## Brief
The listing below should be printed exactly, though its pictures must not be.

## Given data
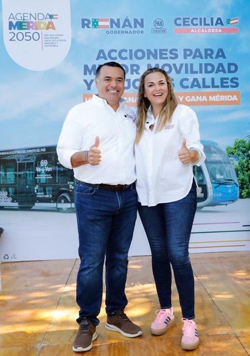 Renán Barrera Concha, candidato a la gubernatura de Yucatán por el PAN, PRI y Nueva Alianza, y la candidata a la alcaldía de Mérida, Cecilia Patrón Laviada, propusieron un proyecto de reingeniería vial en la capital yucateca, para mejorar la movilidad inclusiva, armoniosa y sostenible dónde el peatón y el ciclista sean primero y continúe, mejorando y promoviendo el uso de transporte público.
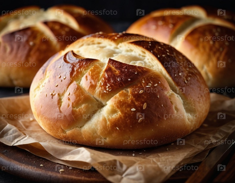 Красиво обработанная круглая буханка хлеба выходит из духовки, ее золотая корка сверкает семенами кунжута. Теплый приглашающий хлеб сидит на деревянной доске, излучая утешительный аромат, который наполняет деревенскую кухню
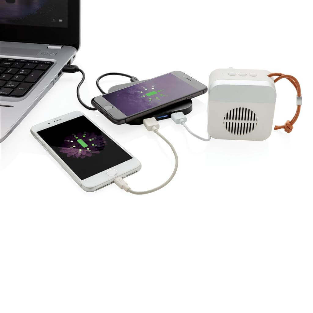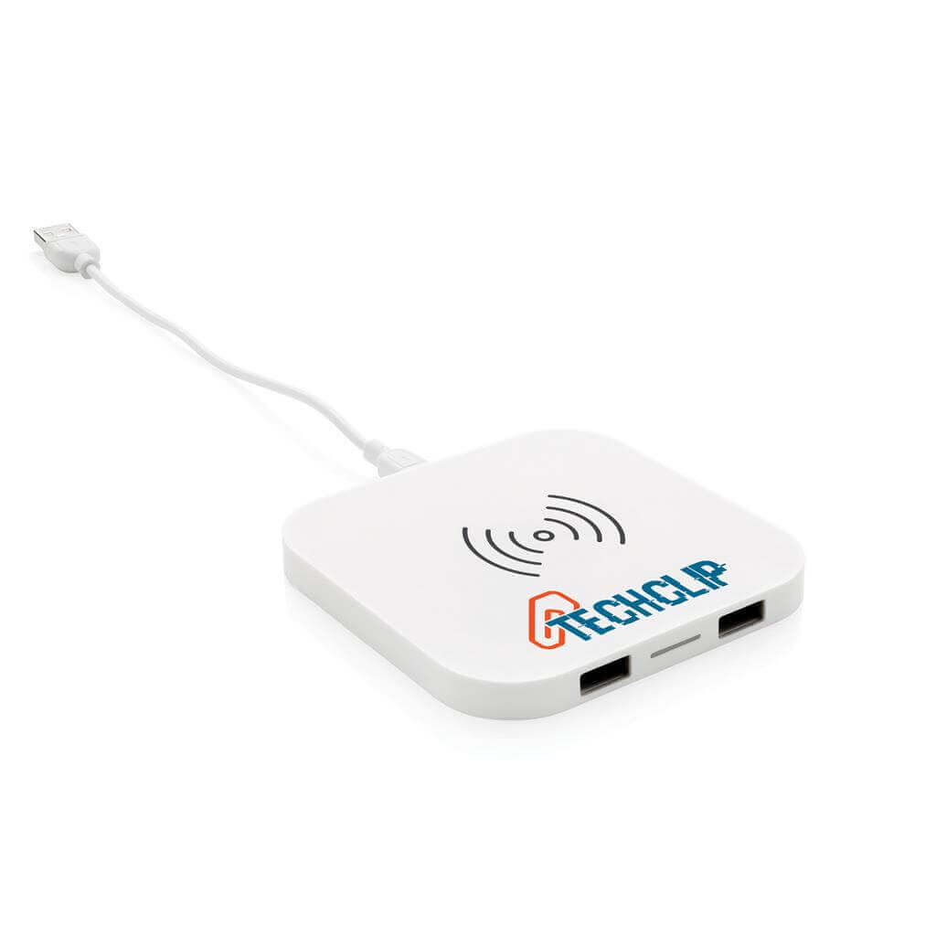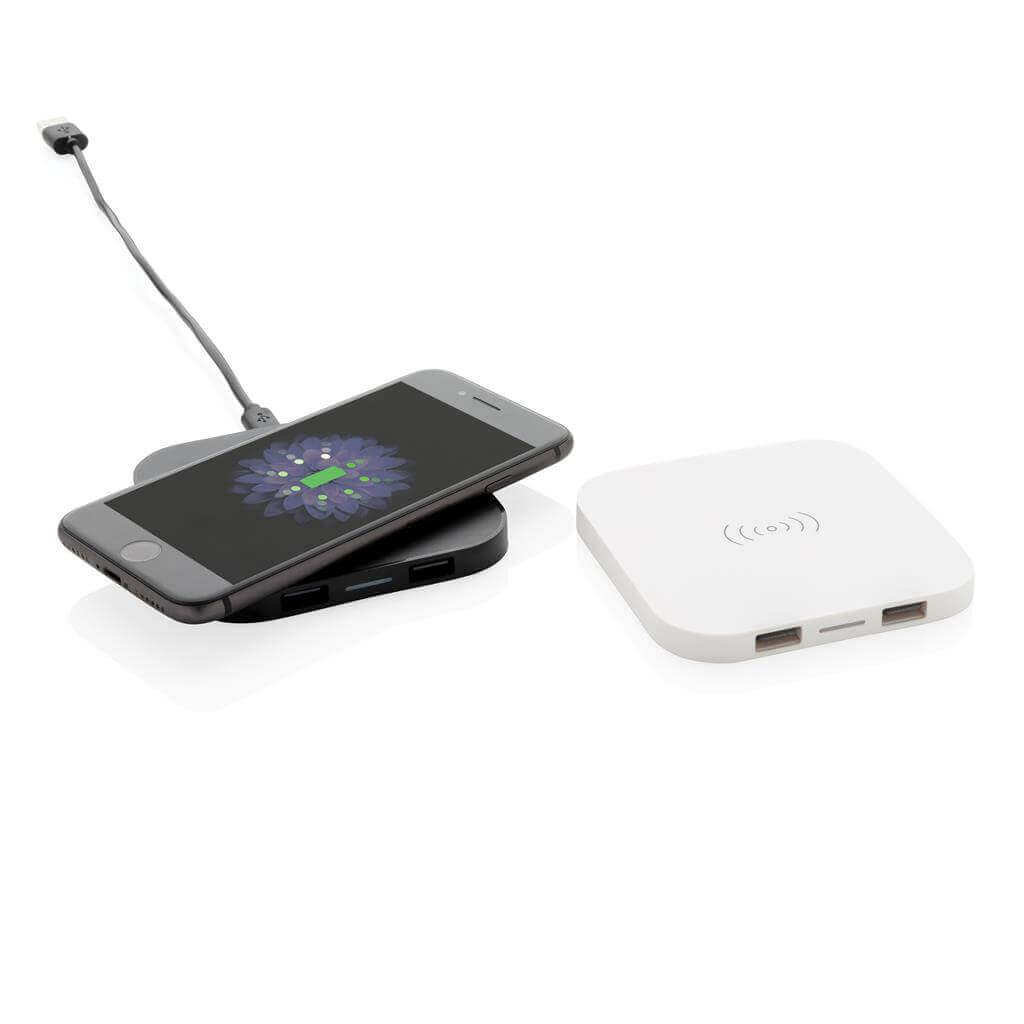 Bezdrátová nabíječka s výkonem 5W vhodná pro nabíjení telefonů podporujících QI jako jsou nejnovější generace Android, iPhone 8 a výše. Díky 2 USB výstupům je možné nabíjet i jakákoliv jiná zařízení nepodporujících QI. Vyrobeno z ABS. Vhodná pouze pro nabíjení, nikoli pro datový přenos. Vstup: 5V/1A. Výstup USB: 5V/1A. Bezdrátový výstup: 5V/1A 5W.
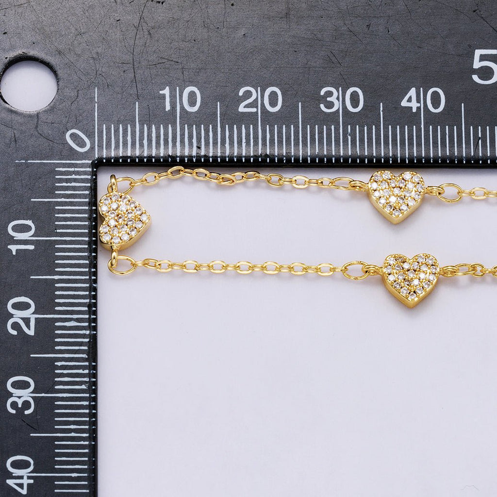 24K Gold Filled 1.6mm Micro Paved CZ Heart Cable Unfinished Chain by Yard | Roll-00420
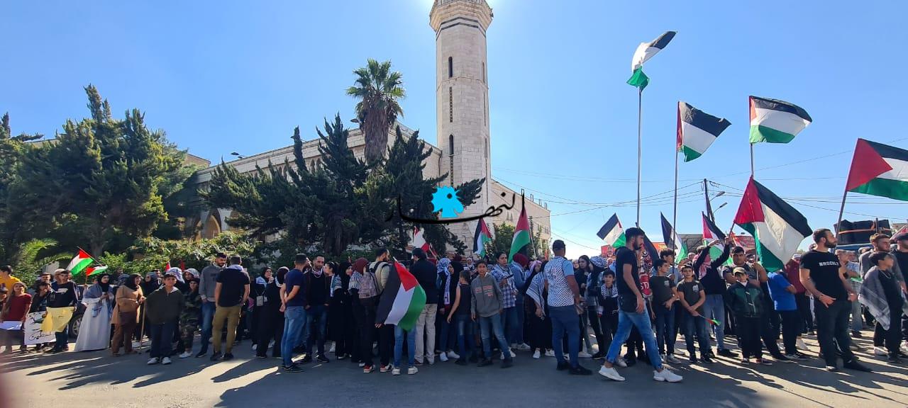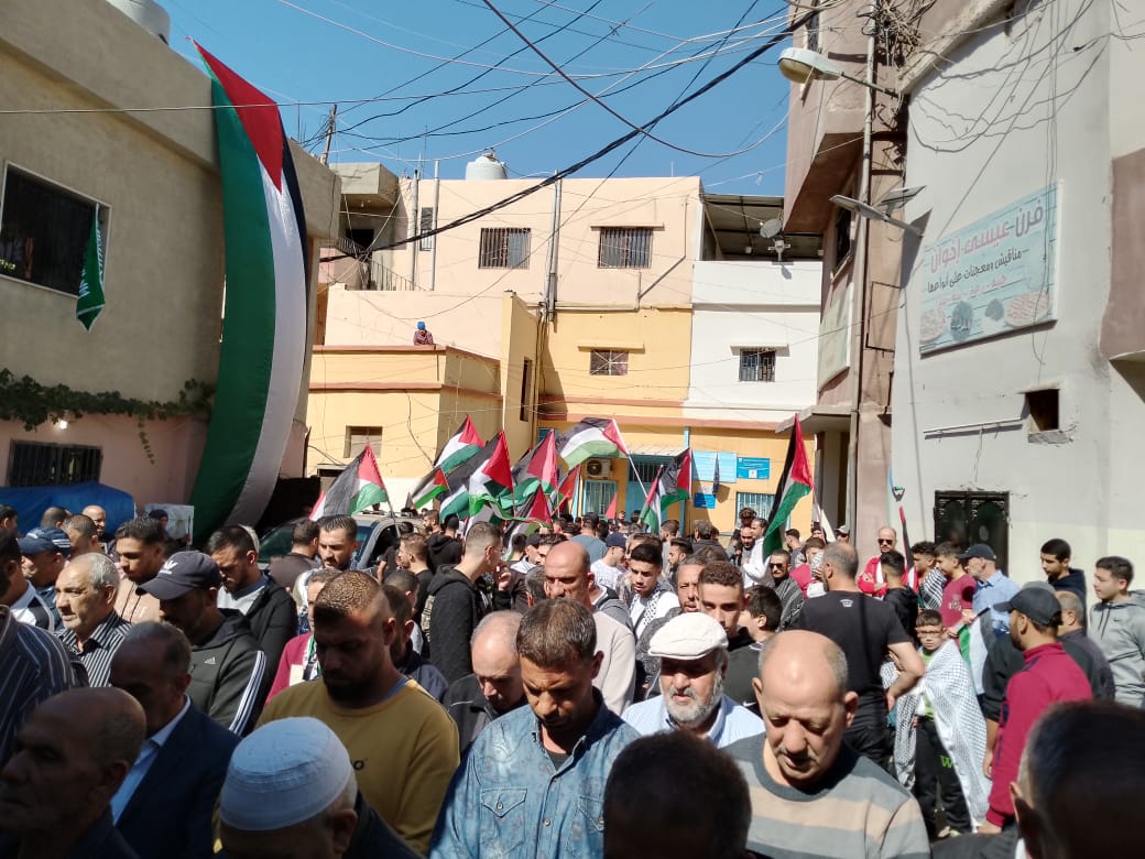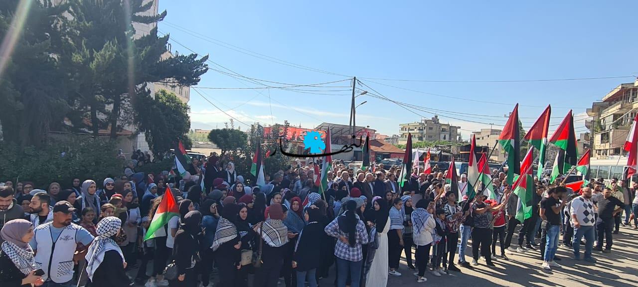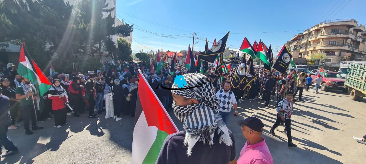 وانطلقت مسيرة حاشدة في شوارع مخيم نهر البارد شارك فيها الالاف حاملين الاعلام الفلسطينية ومرددين هتافات التأييد لغزة المقاومة ومنددين بالجرائم الوحشية التي يرتكبها جيش الاحتلال الصهيوني.

## Completed exercise
 Renán Barrera Concha, candidato a la gubernatura de Yucatán por el PAN, PRI y Nueva Alianza, y la candidata a la alcaldía de Mérida, Cecilia Patrón Laviada, propusieron un proyecto de reingeniería vial en la capital yucateca, para mejorar la movilidad inclusiva, armoniosa y sostenible dónde el peatón y el ciclista sean primero y continúe, mejorando y promoviendo el uso de transporte público.
 Красиво обработанная круглая буханка хлеба выходит из духовки, ее золотая корка сверкает семенами кунжута. Теплый приглашающий хлеб сидит на деревянной доске, излучая утешительный аромат, который наполняет деревенскую кухню
 Bezdrátová nabíječka s výkonem 5W vhodná pro nabíjení telefonů podporujících QI jako jsou nejnovější generace Android, iPhone 8 a výše. Díky 2 USB výstupům je možné nabíjet i jakákoliv jiná zařízení nepodporujících QI. Vyrobeno z ABS. Vhodná pouze pro nabíjení, nikoli pro datový přenos. Vstup: 5V/1A. Výstup USB: 5V/1A. Bezdrátový výstup: 5V/1A 5W.
 24K Gold Filled 1.6mm Micro Paved CZ Heart Cable Unfinished Chain by Yard | Roll-00420
 وانطلقت مسيرة حاشدة في شوارع مخيم نهر البارد شارك فيها الالاف حاملين الاعلام الفلسطينية ومرددين هتافات التأييد لغزة المقاومة ومنددين بالجرائم الوحشية التي يرتكبها جيش الاحتلال الصهيوني.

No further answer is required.